The Personal Column: Peace Piece

IssueJune - July 2017
Comment by Jeff Cloves

Throughout a long association with Peace News I’ve known that PN readers are not necessarily pacifists – though I’d hazard most are. Maybe some are internally debating whether they are or not.

I’ve known gay men and women personally and also read their thoughts variously and they commonly assert that they knew as children that they were gay.
In my own life, there’s a parallel. I think age 7 – 8 I knew I was a pacifist and I’ve never had any doubts since.

Pacifism is not a popular cause. This was emphasised only too well by the attacks on Jeremy Corbyn.

Down the years there have been repeated assertions that he is a pacifist. When I lived in the London borough of Islington, JC was my MP, and although I knew of him as a consistent and committed campaigner for British unilateral nuclear disarmament, I never thought of him as a pacifist.

Back in May, the anti-Corbyn press had a field day over Labour’s divisions about retaining Trident nuclear missiles.

Several Tory MPs publicly branded Corbyn a ‘pacifist’ and it became obvious that, in their usage, this was a term of well-merited abuse.

JC then felt driven to publicly deny being a pacifist. What a sad and demeaning episode it was and it set me thinking about the very word peace.

Since my early teens I’ve been a jazz fan: from Louis Armstrong to Miles Davis, Bessie Smith to Billie Holiday, Jelly Roll Morton to Bill Evans.

Bill Evans, who died when he was only 51 in 1980, was the pianist-composer on Miles Davis’ famous Kinda Blue album.

In 1958 – only a few months before that record – Evans wrote one of his most celebrated and influential piano solos titled ‘Peace piece’. Its title alone was enough to endear it to me but once I heard it, I was completely entranced.

The mood of the piece is tranquil and peaceful and it is balm to my soul.

There’s an excellent music programme on Radio 4 called Soul Music, which examines the influence of particular songs or musical pieces and ‘Peace piece’ would suit that format very well. Perhaps it will one day – or have I already missed it?
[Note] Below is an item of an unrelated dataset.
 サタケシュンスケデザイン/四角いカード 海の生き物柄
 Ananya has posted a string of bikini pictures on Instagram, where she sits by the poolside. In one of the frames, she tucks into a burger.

I have no idea what Evans’ intentions were in his title but I do know he was drafted into the US military and served from 1951–1954.

From 1950–1953, the USA was involved in an anti-communist war in Korea.

It seems Evans was a musician in the army and as far as I’m aware was not in combat.

His Wikipedia entry states, however, that he was ‘traumatised by his army service and suffered nightmares for years’.

It strikes me that if you chanced upon ‘Peace piece’ without knowing anything of Bill Evans and his pivotal place in jazz history, you’d find it hard to confine this music to an appropriate genre. It transcends placement.

A favourite composer of mine is the pianist Erik Satie and to my ears his serene and beautiful ‘Trois gymnopédies’ were an influence on Evans.
The mood though is the key and it matters not whether ‘Peace piece’ is about the absence of war or about personal calmness and serenity.

Evans rarely – maybe once or twice – played it publicly, saying it was a spontaneous composition and belonged to a particular space and time.

He recorded it though and you can hear it on the net. His performance is not on film, but the YouTube version is accompanied by a set of terrific photos of him playing.

Dear readers, if you want a rest from Trumpery, strong leadership and general election gloom and doom, just tune in to this.

Trust me – I’m a pacifist… you won’t regret it.